On Aug. 22, 2014, however, an unelected state regulatory agency in California issued a letter to Skyline’s insurance carrier that pulled the rug out from under the church’s leaders. The letter said that, effective immediately, Skyline’s health plan must cover all abortions—taking money from the church’s offering plates and putting it in the hands of the abortion industry.

As if that wasn’t bad enough, the letter expressly told Skyline’s insurance carrier that it did not have to notify the church about the change at all. It wasn’t until October—when the church reached out to its insurer—that the leadership team even knew their flock was being fleeced by abortionists in the state.

Four years after the fact, let me assure you: This sudden change was brought about through the direct pressure of pro-abortion advocates.

This bureaucratic nightmare started a year after two Catholic colleges—Loyola Marymount and Santa Clara University—announced they were removing elective abortion coverage from their employee healthcare plans to align with Catholic teaching on abortion and the sanctity of life.

While that move was lauded by fellow Catholics, it received pure vitriol from the abortion industry. Within days of news breaking that Catholic universities dared to be Catholic, a floodgate of emails, phone calls, and meetings opened between California’s Department of Managed Health Care (DMHC), Planned Parenthood, the ACLU, and the National Health Law Program.

By December of 2013, DMHC was working in tandem with the trio of abortion lobbyists to make sure Loyola Marymount and Santa Clara were stopped cold and no other religious organizations could jump ship.

The following spring, Planned Parenthood’s legal team sent the DMHC its “analysis,” which proposed a wholescale reinterpretation of a 40-year-old state law—the Knox-Keene Act—to include elective abortions as a mandatory element of all healthcare insurance policies.

Even though Planned Parenthood’s proposal flew in the face of decades of interpretation of the Knox-Keene Act—and intentionally bypassed the democratic process in favor of what Planned Parenthood called “an administrative solution in lieu of legislation”—the DMHC eventually took the bait, leading to the Aug. 22 letter to health insurers.

So much is wrong with the DMHC colluding with the abortion industry.
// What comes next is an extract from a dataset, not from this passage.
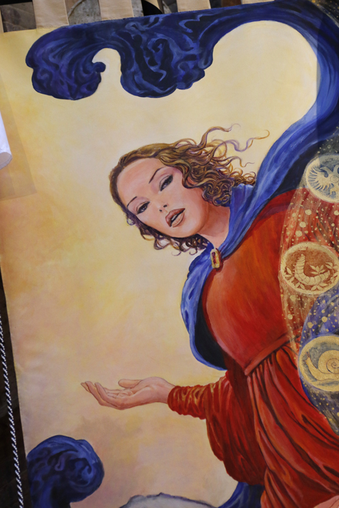 E’ Vincenzo Mollica, l’autore dell’introduzione allo splendido catalogo della mostra senese, che ci introduce anche a questo drappellone con una frase che ha il senso di una oculata predizione. Alludendo alle bellissime donne di Manara, Mollica scrisse: Manara oggi dipinge delle Maddalene, mentre sarebbe un intenso e dolcissimo pittore di Madonne. Ed eccolo Milo Manara, oggi, ancora a Siena, mostrarsi intenso e dolcissimo pittore di una celeste Regina intensa e dolcissima.

But it should be uncontroversial that churches must be free to operate according to their faith without government interference, especially when it comes to charged issues like abortion.

That’s the guarantee enshrined for every American in the First Amendment, as well as for every Californian in the state’s constitution. This summer, the U.S. Supreme Court reaffirmed that very truth in National Institute of Family and Life Advocates (NIFLA) v. Becerra, stopping California’s attempt at forcing pro-life pregnancy centers to advertise for abortions in violation of their faith.

Skyline Church should never be forced to foot the bill for an elective abortion, or be required to sacrifice its conscience, just so its employees can have the healthcare they need. In fact, the church shouldn’t have even needed to defend these principles in court. The Constitution is clear that churches have the right to act consistently with their religious beliefs. Yet that’s exactly what California is keeping Skyline Church from doing here.

Now it’s up to the U.S. Court of Appeals for the Ninth Circuit to hold California bureaucrats accountable and allow Skyline’s leaders the freedom to practice what they preach.


Jeremiah J. Galus is legal counsel for Alliance Defending Freedom, which represents Skyline Wesleyan Church.